First, God is kind. To call God kind is much more than just describing him as nice to “the ungrateful and the wicked.” Divine kindness is rooted in the Old Testament revelation of God as “full of steadfast love.” There is a patience and kindness in God’s character that keeps God from responding to anger with anger, to evil with evil, or to violence with violence. God’s kindness is not based upon the merit of others but extends especially to the undeserving and unworthy.

Secondly, God is merciful. God is not only full of steadfast love, but God is also full of mercy. God’s primary nature is love, and out of that abundant love God enacts forgiveness. Jesus not only taught that God does not give to people what they deserve, Jesus embodied the love and mercy of God on the cross; refusing to respond to human evil, violence, and destructiveness, with divine retribution and anger. Instead, Jesus ended our cycles of violence and destruction by absorbing those forces into himself, thus ending the cycles of retribution, and extending to humankind the transformative realities of divine love and mercy.

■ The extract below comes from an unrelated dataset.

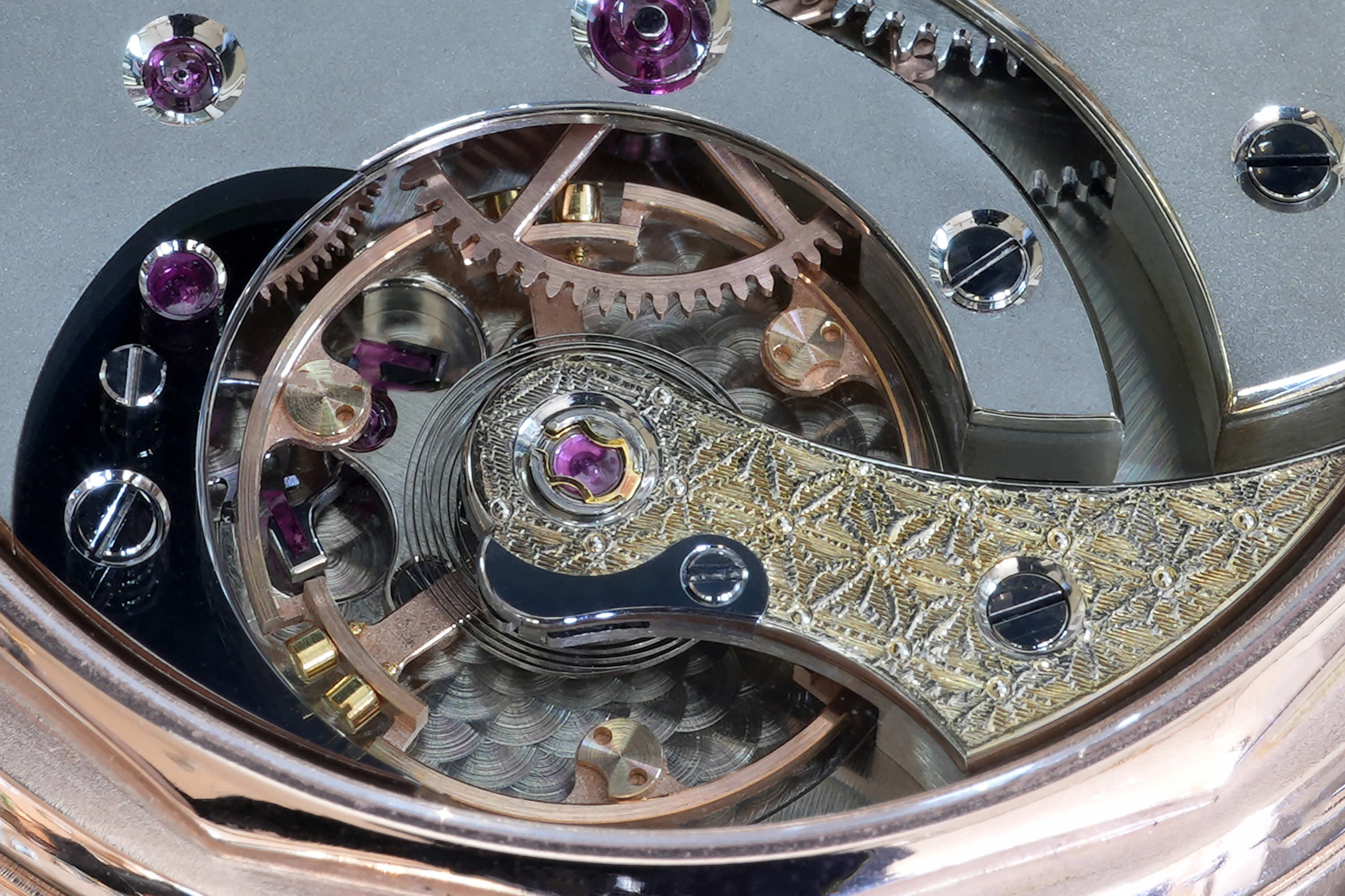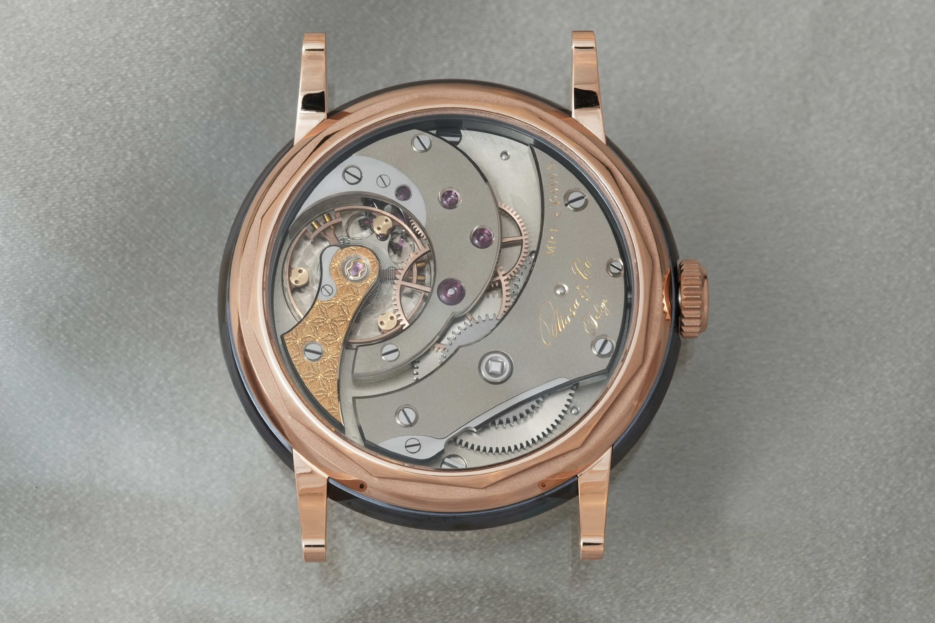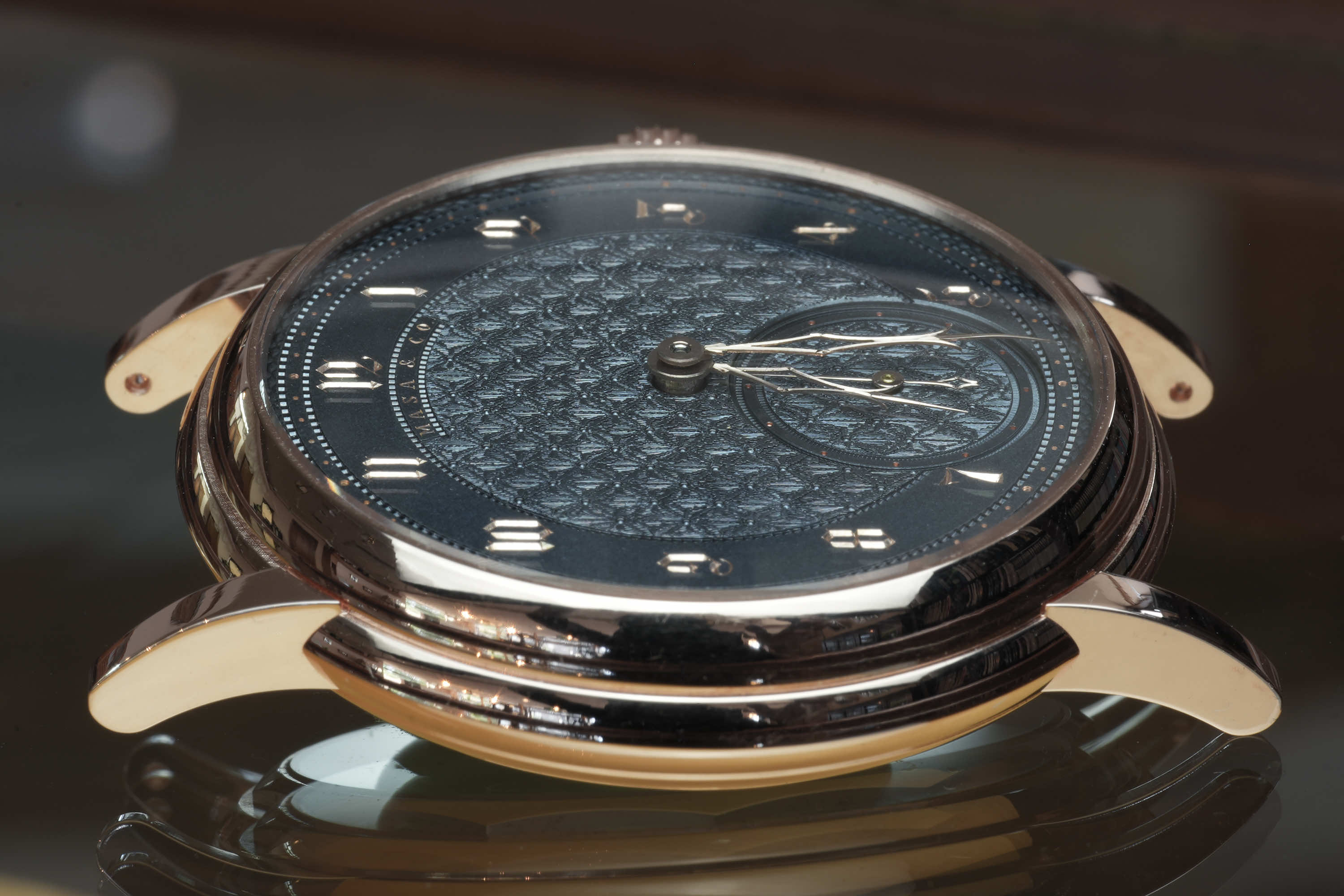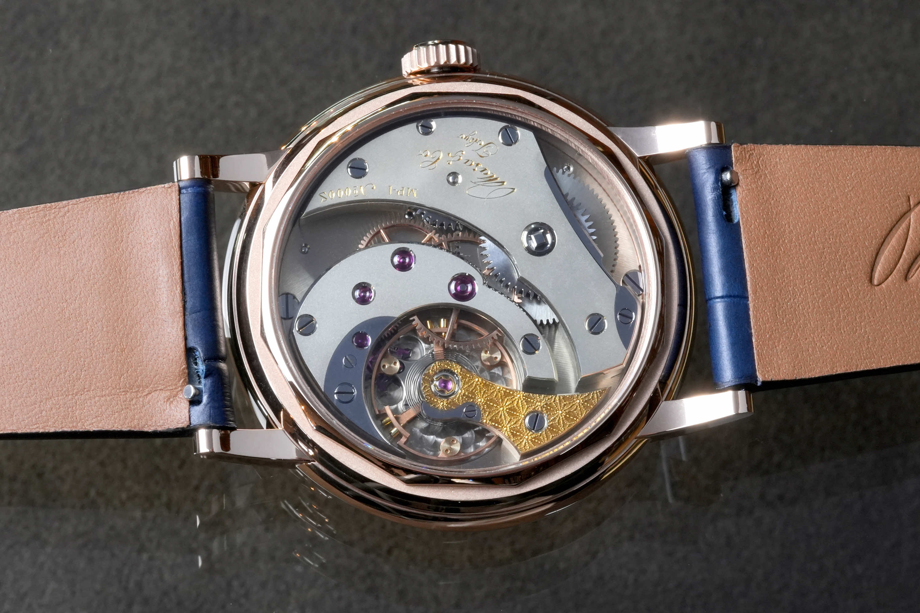 独自に仕上げられた自社製キャリバーMP1、専用設計のケースとの組み合わせにより「蒼黒」が完成した。

If the love and mercy of God at work in the ministry of Jesus is bringing about this new creation, how then should we as disciples respond? Those who call themselves followers of Jesus should also respond in ways that reflect the character in nature of God, so that in our lives we demonstrate that we are children of the Most High. It is interesting that in the Sermon on the Plain the teaching of Jesus assumes that the listeners are victims, not victimizers. Jesus offers no instruction on what to do after striking, stealing, hating, cursing, and abusing others. Such behavior, it is assumed, is foreign to those who live under the reign of God. However, for those who do experience these forms of anger and victimization, Jesus offers imaginative ways to make things new. As many New Testament ethicists argue, in these instructions Jesus is offering disciples creative ways to respond to the sin of others with dignity and honesty, while at the same time ending the cycles of retribution and destructiveness that plague the world.

This pattern of discipleship helps us make sense of the call of Jesus to take up the cross daily and follow him. The pattern of the cross does not simply succumb to the broken and violence in of our world, rather, it exposes it. However, the life of the disciple, filled with the spirit of steadfast love and mercy of God, creatively finds ways to bring healing to a broken world.